This story was originally published in December 2021.
No two snowflakes are exactly alike, but some certainly stand out more than others.
Snowy days are upon us in Maine, and social media feeds are sure to flood with snapshots of picture-perfect snowflakes. Such snowflakes might seem magical, but they are a result of a careful balance of weather conditions.
The snowflake forming process is more complicated than most people might expect, said Donald Dumont, warning coordination meteorologist at National Weather Service in Gray. Meteorologists keep a close eye out for perfect snowflakes, too — but not for the reasons that you might think.
“This is actually something we look at when we’re trying to figure out the fluff factor,” Dumont said. “Those perfect snowflakes people really like, they’re fluffier and they add up a lot faster. Your nice, fluffy snow is typically from your perfect snowflakes.”
The perfect snowflake starts forming the same way that all less photogenic snowflakes do. Snow forms when water vapor up in the atmosphere comes in contact with particles in the air, like dust, air pollution or salt from the ocean. That contact causes the water vapor to freeze into a crystal structure, the exact pattern of which depends on the temperature of the air and the humidity high up in the clouds.

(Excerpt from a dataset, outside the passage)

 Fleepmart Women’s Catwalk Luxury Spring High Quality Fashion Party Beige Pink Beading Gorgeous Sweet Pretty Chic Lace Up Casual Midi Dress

The intricate shape of a single “arm” of the snowflake is determined by the atmospheric conditions experienced by the entire crystal as it falls, James Sinko, meteorologist at the National Weather Service in Caribou, said.

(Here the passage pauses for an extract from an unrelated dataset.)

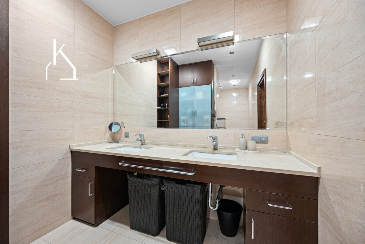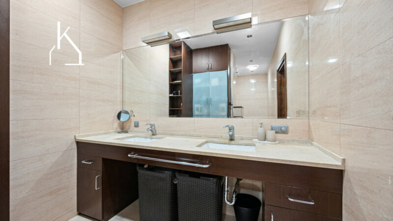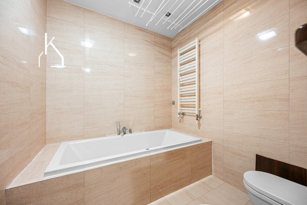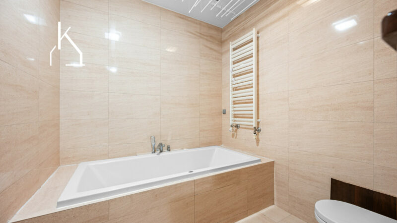 * Pokój kąpielowy z dużą wanną i przestrzenią do przechowywania.
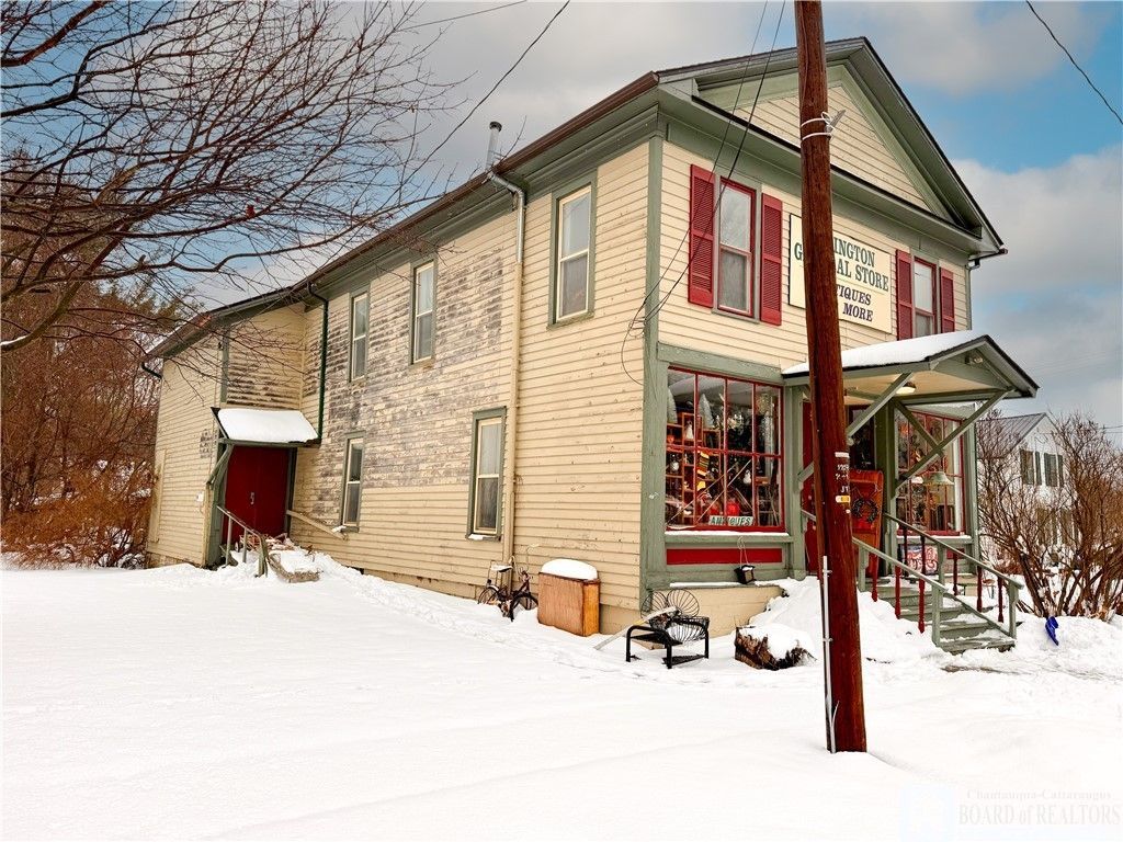 Discover a rare opportunity to own a piece of Ellington history in the heart of town! This charming historic commercial building sits right on the town square and is currently known as the Ellington General Store, Antiques and More. The quaint storefront offers outstanding visibility and small town charm, making it ideal for a boutique, antique shop, coffee shop, gallery, studio, or specialty retail space. The building boasts a rich past, having served over the years as Bailey and Son Dry Goods Store, the Ellington Grange, and The Ellington Farman library; adding unmatched character and storytelling value to the property. Upstairs, you'll walk into a large open meeting hall featuring the original stage, a truly unique space perfect for events, community gatherings, performances, workshops, private functions, or creative studio use or maybe a loft apartment. This second floor space alone opens the door to countless business or mixed use possibilities. With its prime location, classic architecture, and flexible layout, this property is ideal for anyone looking to start a business, expand a retail presence, or create a destination space in a charming small town setting. SELLER WILL CONSIDER SELLING WITH OR WITHOUT CONTENTS. Roof is less than 6 years old. Sold as is where as

“A crystal might begin to grow arms in one manner, and then minutes or even seconds later, slight changes in the surrounding temperature or humidity causes the crystal to grow in another way,” Sinko said. “You will never see two snowflakes exactly the same because each snowflake experiences different atmospheric conditions on its way down resulting in different shapes or looks.”
All snowflakes have six sides because of the way that water molecules are shaped and join together, but there are some 35 different types of crystals that can form depending on the exact atmospheric conditions, from slender six-sided needles to chunky hexagonal plates. The picture perfect snowflakes that look like they were cut out of paper generally fall into a category of crystals known as dendrites.
Scientists are still parsing out exactly why the crystals form the way they do with certain conditions, Dumont said. They do know that there is a “sweet spot” for dendrite formation between -12 and -18 degrees Celsius up in the clouds, coupled with high humidity and low wind.
“Those perfect dendrites come down but if it’s windy they crash into each other and break apart,” Dumont said. “You need a relatively light wind, you need it to be very moist and you need the cloud to be in the sweet spot for the temperature.”
There is no surefire way to judge whether the atmospheric conditions are just right when you’re standing on the ground waiting for the snow to fall, Dumont said.
“In the end if you want to see beautiful snow crystals, you have to look up,” he said. “What’s going on above you is what drives it, not what’s going on where you’re standing.”